RNA Extraction and Reverse Transcription Polymerase Chain Reaction

Total RNA was extracted from fresh gingival tissues (n=8) and cultured HGFs (n=4) with TRIzol regent (Life Technologies, Carlsbad, CA, USA) and MiniBest Universal RNA Extraction Kit (TAKARA, Tokyo, Japan), respectively, according to the manufacturer’s instructions. The precipitate was air-dried and resuspended in RNase-free water.

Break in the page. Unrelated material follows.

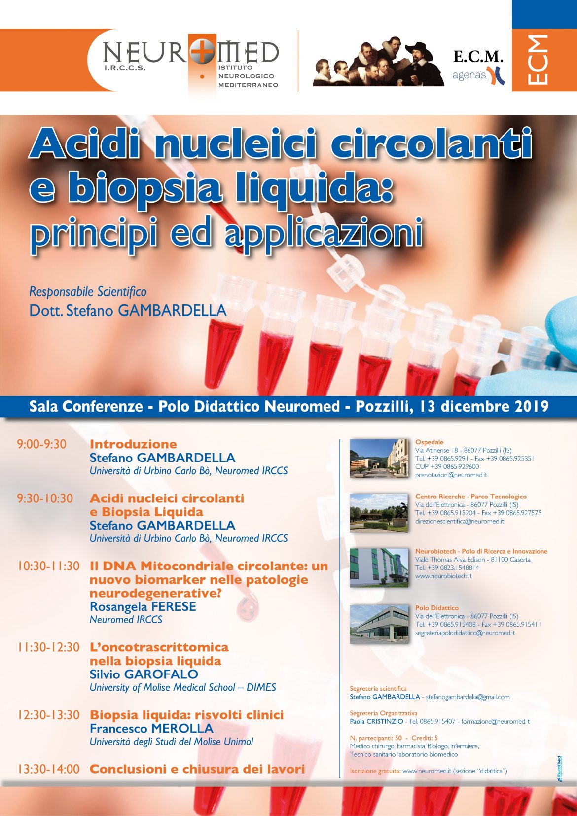 È questo l’argomento al centro del corso di Educazione Continua in Medicina (ECM) “Acidi nucleici circolanti e biopsia liquida: principi ed applicazioni”, che si svolgerà domani, venerdì 13 dicembre, dalle ore 9 alle 14, nella sala convegni Auditorium Marc Verstraete dell’I.R.C.C.S. Neuromed di Pozzilli. Nel corso del meeting, di cui è Responsabile scientifico Stefano Gambardella, responsabile del Laboratorio di Genetica molecolare Neuromed, saranno esposti i più recenti sviluppi per quanto riguarda la possibilità di individuare e studiare, attraverso un semplice prelievo di sangue, il DNA proveniente da cellule tumorali.

The purity and concentration of isolated RNA were determined by a nanodrop 2000 spectrophotometer (Thermo Fisher Scientific, Waltham, MA, USA). cDNA was generated from a total of 1 µg RNA using RT reagent Kit with gDNA Eraser (TAKARA, Tokyo, Japan). Aliquot without reverse transcriptase was prepared as the negative control. PCR was performed using PrimeSTAR^® Max DNA Polymerase (TAKARA, Tokyo, Japan) to detect the existence of TAS2Rs and downstream molecules (primers listed in Supplementary Table 1 ). Besides, quantitative real-time PCR was performed to determine the relative expression level of TAS2Rs in HGFs (primers listed in Supplementary Table 1 ). The expression level of target genes normalized with glyceraldehyde-3-phosphate dehydrogenase (GAPDH) was calculated by 2^-ΔΔCT method.